Of course, she faces obstacles everywhere she turns. Her father Steve (Scott Glenn), despite his former faith in the Black Panthers’ education and economic programs, now worries that his daughter is teaching students who “don’t want to learn,” a concern shared by her husband Scott (Patrick Dempsey). Erin is also regularly discouraged by her cynical colleagues, especially Miss Campbell, who goes so far as to suggest she shouldn’t provide the students with books because they will only lose or damage them. So, Erin asks, gazing on shelves full of unused volumes, “The books should just sit there and not be used at all?” Indeed, says Campbell, this is the wisdom of “site-based instruction.”

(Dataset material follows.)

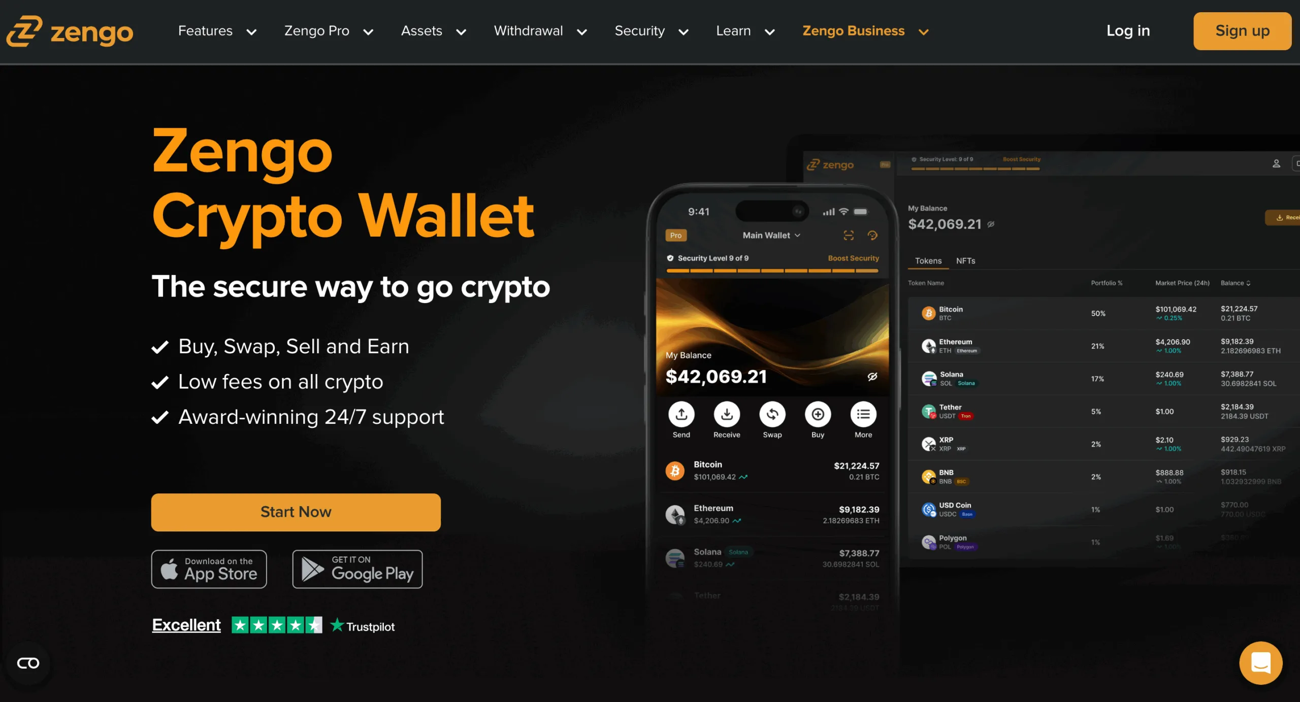 - Supports Bitcoin, Ethereum, Cardano, Solana, and more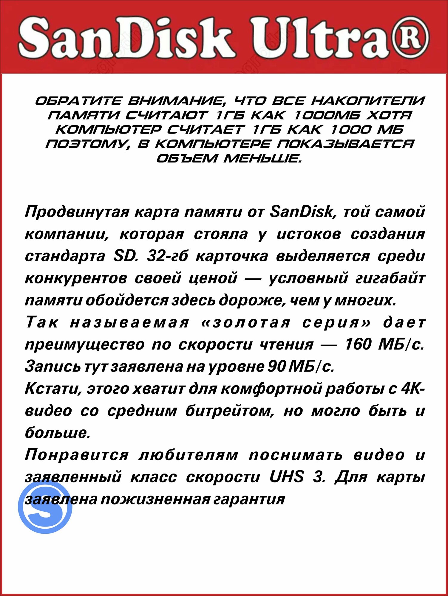 Карта памяти microSD 128Gb SanDisk Ultra интересное:

Erin’s frustration is thus made yours. Bolstered rather than put off by such difficulties, she persists, pressing her students to explain their self-segregation into race-identified crews. Distrustful from day one, at last Eva articulates her own frustration: “White people running this world,” she says. “I saw white cops shoot my friend in the back for reaching into his pocket. They can because they’re white. I hate white people on sight.” It dawns on Erin that she provides the students’ most obvious point of unity, as the enemy in the classroom. And so she looks for other connections. In a hopelessly corny but remarkably moving scene, she has them stand together in the middle of the classroom when they’ve shared an experience, like losing a friend to violence. And as they stand together because of such trauma, they begin to recognize their similarities.
Erin has another brainstorm: she has her students write about their lives in a “war zone” in journals. Again, the revelation is rendered in a sequence at once hackneyed and affecting: the camera circles Erin as she reads their stories, the students’ voices overlapping and overtaking hers. Describing his experience with the authorities when a friend was killed, on student laments, “All they see is a dead body, a gun, and a nigger.” Another entry expresses discontent with expectations: “I hate the cold feeling of a gun against my skin.” And yet another has “seen more dead bodies than a mortician.”
Stunned by what she reads, Erin is equally determined to help her students see each other more clearly. To pay for their horizon-expanding books, Erin starts working as a hotel concierge (Scott is flabbergasted: “You’re gonna get an extra job to pay for your job?”). She has them read Anne Frank: The Diary of A Young Girl and visit L.A.’s Holocaust museum (she tells them the Nazis are “the most famous gang in history”). Moved by Frank’s story, the kids raise money to bring Miep Gies (Pat Carroll), the woman who hid her from the Nazis, to campus. Eyes tear up, music swells.
Yes, the plot is predictable, the actors too old to play high school students, and the pacing too slow. But Freedom Writers also argues for listening to teenagers. That alone makes it strange and even a little wonderful.